Возвращаясь домой, я покупаю в Живри у мясника телячью печенку, а потом у Жослена бекон, яйца, сыр, апельсины, грейпфруты. Еще беру яблоки и груши, а также несколько банок супа. Мне показалось, что на меня поглядывают с любопытством; интересно, что местные жители думают о нас.
В дверях я сталкиваюсь с толстяком Леоном; я ездила в его такси, когда была совсем еще девочкой. Он действительно очень толстый, но какой-то не грузный. Леон — большой любитель пошутить и вообще местная знаменитость.
— Ну как, мадемуазель Лора, отыскали вы вашу девицу?
Не понимая, я спрашиваю, кого он имеет в виду.
— Да эту вашу испанку. Вы ее, кажется, потеряли.
— Она вернулась на родину.
— Да, если только не сбежала с любовником.
Вечером я опять делаю уборку, на этот раз в комнате Мануэлы. Мне неприятно дотрагиваться до простыней, на которых она спала с Оливье.
Мне понадобилась тряпка. Спускаться на первый этаж и снова подниматься неохота, и я решила посмотреть на чердаке: там полно всякого хлама.
Я обнаружила сломанное духовое ружье и детский велосипед Оливье. Мой велосипед со спущенными шинами тоже здесь. Как-то я ехала на нем по тропинке и налетела на дерево, доктору Леду пришлось наложить мне на голову несколько швов. Тут же наши старые теннисные ракетки с порванными струнами.
Согнувшись — крыша здесь низкая, — я пролезаю к торцовой стене и с изумлением вижу, что зеленого сундука нет. Он всегда стоял тут, набитый всяким тряпьем и лоскутами; я не помню, чтобы после моего рождения кто-нибудь брал его в дорогу. Должно быть, он сохранился с той поры, когда отец служил в Алжире и ему часто приходилось менять гарнизоны.
Никаких тряпок я не нашла, так что мне приходится спуститься в кухню.
Когда я отправляюсь спать, отец и брат уже лежат в постелях, и я мгновенно засыпаю.
Наутро я приношу маме кофе; как и следовало ожидать, она в очень скверном состоянии. Это второй день лечения, один из самых тяжелых.
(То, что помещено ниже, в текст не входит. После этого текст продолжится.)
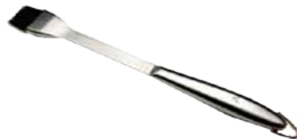
Abb. 17" Basting Brush
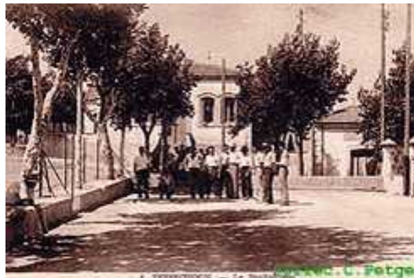
6. TEFESCHOUN. — Le 30 mai 1898. — C. Petger

Un autre petit port de pêche, BOU HAROUN, complétait cette commune. Des intérêts divergents, des origines différentes firent que BOU HAROUN finit par obtenir son indépendance administrative. Il fera d'abord partie de la commune de KOLEA, puis de celle de CASTIGLIONE et fait partie du département d'ALGER. Elle devient une commune de plein exercice le 31 janvier 1898 incluant les villages de TEFESCHOUN , CHIFFALO et BOU HAROUN.
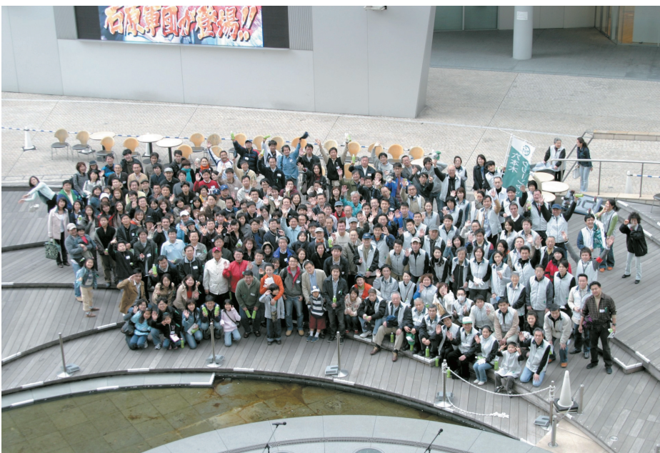
260名の六本木“犬” クリーンアップ! @4/8 GREEN ROAD SIX + 六本木クリーンアップ Giant 260-member Clean Up! @ GREEN ROAD SIX + Roppongi Clean Up 4/8
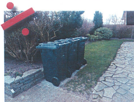
Her er det næsten i orden, men der skal lægges en stribe fliser mere, så skraldemanden ikke skal trække beholderen over græsset
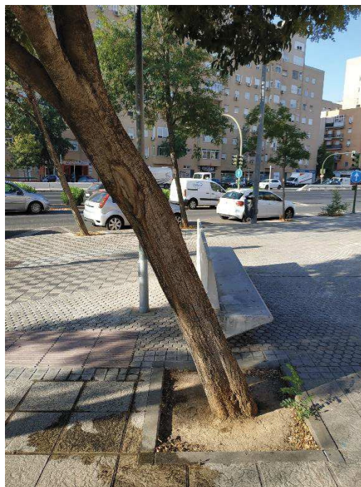
Vista general del ejemplar con id 43591
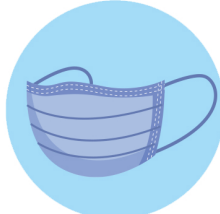
Masques de protection Protective mask
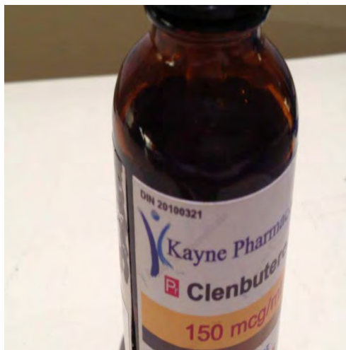
Figure 2 Clenbutérol 150 mcg/ml solution injectable

Une patiente aurait avoué au médecin consultant avoir acheté le produit par l'entremise d'un contact dans un centre d'entraînement sportif (comme la plupart des autres patients). La bouteille de la patiente semblant suspecte, une recherche a été faite sur le site Internet de la compagnie « pharmaceutique » canadienne (figure 2). Après vérification, le DIN (numéro d'identification d'un médicament homologué par Santé Canada) indiqué sur la bouteille de clenbutérol injectable 150 mcg/ml était faux. Malgré qu'il s'agisse d'un produit pour injection, il semble que la patiente le prenait par voie orale. Une analyse urinaire a confirmé la présence de clenbutérol chez cette patiente.
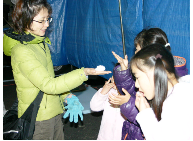
▲3月19日 おにぎりを一粒残らず食べつくす
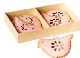
Cod: D 1500/Ro Des: Confezione uccellini in metallo rosa Note: 9x6
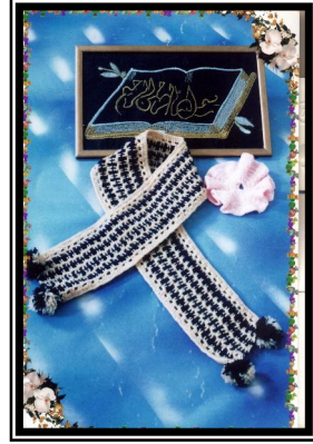
صورة رقم (١٣)
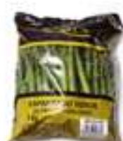
ESPÀRREC VERD AROTZ
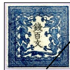
図3. 竜切手 百文

手彫切手(てぼりきって) ：明治初期の切手。銅版に手作業で図柄を彫るエッチング法(凹版印刷の一種)を使用(図3)。手彫り切手は竜切手、桜切手、鳥切手、改色桜切手の4グループに大別される。
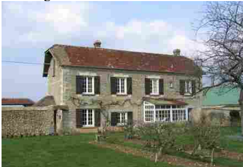
Un exemple de maison (moellons, tuiles)
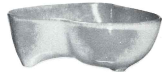
*4N—24 OZ. VEGETABLE—2.00
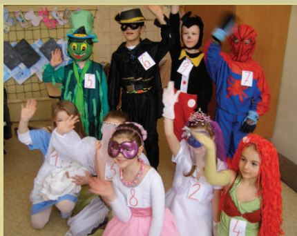
17. február 2012 - fašiangový školský karneval - masky 1. ročníka.
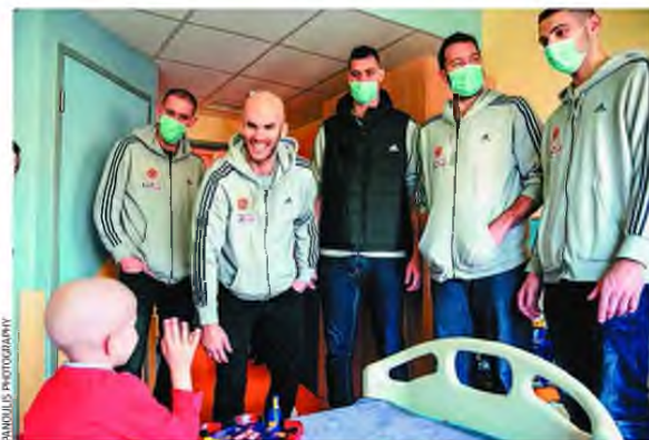
Οι παίκτες μπάσκετ του Παναθηναϊκού συναντούν τα παιδιά.
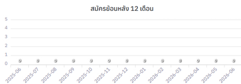
จำนวนการกดเปลี่ยนสถานะ (ไม่มีข้อมูล)

เจ้าหน้าที่ทั้งหมด (คน) 7 สมัครช่วงเวลาี่เลือก 0
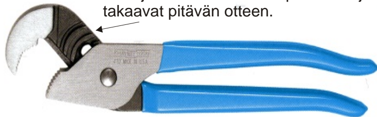
Mallit 410 414

Alaspäin viistetyt kielekkeet estävät leukojen sivuttaisliikkeenlipsumisen ja takaavat pitävän otteen.
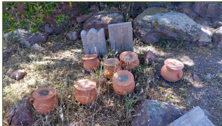
Fig. 5 - Reproducciones de urnas y estelas del tofet de Monte Sirai

La actual organización del lugar incluye algunas copias de urnas y estelas (fig. 5). En el Museo cívico arqueológico Villa Sulcis, en Carbonia, hay una reconstrucción del «campo de urnas».
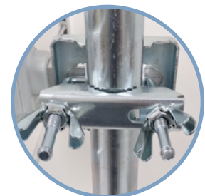
Système Easy U (brevet Ek)
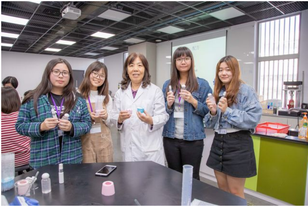
嘉藥粧品系汪老師帶領學員們完成手工皂及乾洗手製作。

為了協助即將畢業的高中學子了解化粧品產業與職涯探索，嘉南藥理大學化粧品應用與管理系特別趁著寒假期間，舉辦一日化粧品研習營，內容涵蓋化粧品原理介紹、產業趨勢分析及化粧品實作，吸引了來自全國各地的高三應屆畢業學生熱烈參加，除了原先排定的玫瑰花手工皂、天然潤膚乳製作外，因應武漢肺炎疫情的緊張情勢，特別加入殺菌乾洗手的製作，讓大家隨時能勤洗手，保護自己。
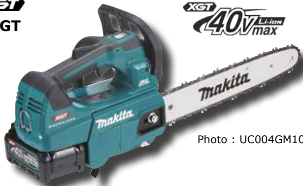
Photo : UC004GM101

*Uniquement pour professionnels ayant suivi une formation spécifique
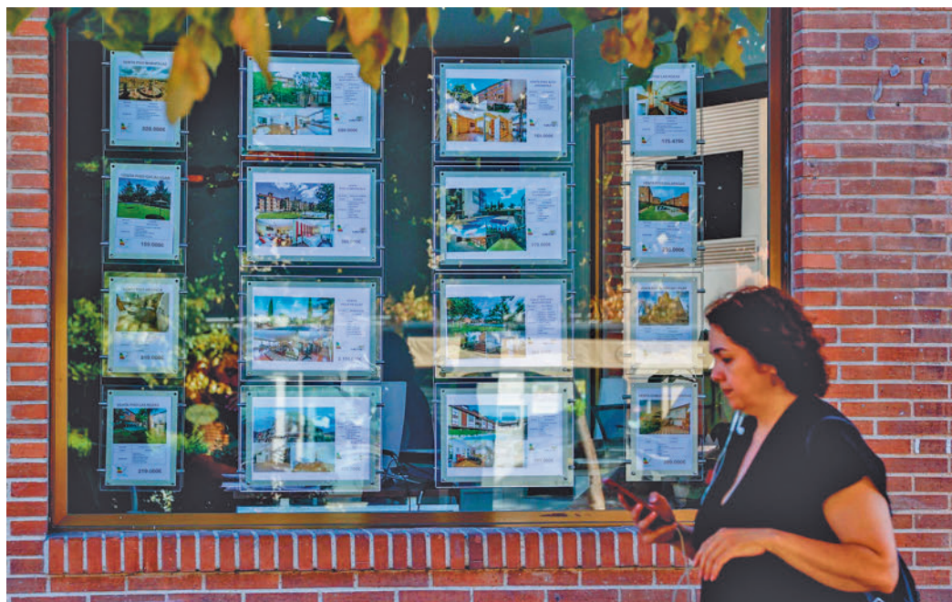
Una mujer pasa frente a una inmobiliaria

brio entre hombres y mujeres muestra que "las mujeres, con niveles socioeconómicos más bajos demandan alquiler, al no poder acceder a la compra. También se refleja cómo la edad de estas inquilinas va aumentando año tras año". El mercado del alquiler demuestra que la brecha de género sigue existiendo.

У мамы застывший взгляд, словно окружающий мир для нее не существует, и вся она обращена внутрь, на то, что происходит в ней. Она прижимает руку к груди и сотрясается от чудовищных судорог.
Несколько лет назад это производило на меня ужасное впечатление: я боялась, что она умирает. Но теперь я, как и остальные, привыкла.
— Лекарство приняла?
— Да.
— Через часок тебе станет легче.
Особенно, когда она глотнет спиртного. Организм ее протестует против навязанной абстиненции.
— Ты не знаешь, куда девался сундук, который стоял на чердаке?
— Какой еще сундук?
— Ну тот, что стоял у торцовой стены. Зеленый с желтой полосой.
Мама тяжело вздыхает, словно ей стало хуже, но я чувствую, что она просто хочет выиграть время. Да уж, хорошо я выгляжу: лезу с дурацкими вопросами, когда ей так плохо.
— Не помню. Да, когда-то он там стоял… Постой, постой… Как-то тут проезжал на грузовичке старьевщик, который ездит по деревням и фермам и скупает всякий хлам, завалявшийся на чердаках. Он поднялся со мной наверх. Я продала ему стол, у которого была сломана ножка, и два стула с соломенными сиденьями. Видимо, старьевщик взял и сундук. Он давно уже никому не нужен. Это было года два назад.
— Нет, в прошлом году я зачем-то была на чердаке и видела этот сундук.
Непонятно только, зачем маме понадобилось лгать. Я принимаю ванну и отправляюсь в Бруссе, где все ясно и определенно и где, в отличие от нашего дома, никто не пытается ничего скрывать.
То ли из-за этого сундука, то ли из-за вчерашней уборки я опять вспоминаю про Мануэлу и представляю, как она тащила свой чемодан из искусственной кожи до станции, а может, до автобусной остановки. Нет, что-то в этой картинке не клеится.
В обеденный перерыв я отпрашиваюсь у м-ль Нееф на час и еду на авеню Поль-Думер. Богатый дом из рустованного камня, высокие окна, лепные потолки. Не привратница, а швейцар в ливрее. Впрочем, слово привратница как-то не звучит в комнате вроде небольшой гостиной, которую я вижу через стеклянную дверь.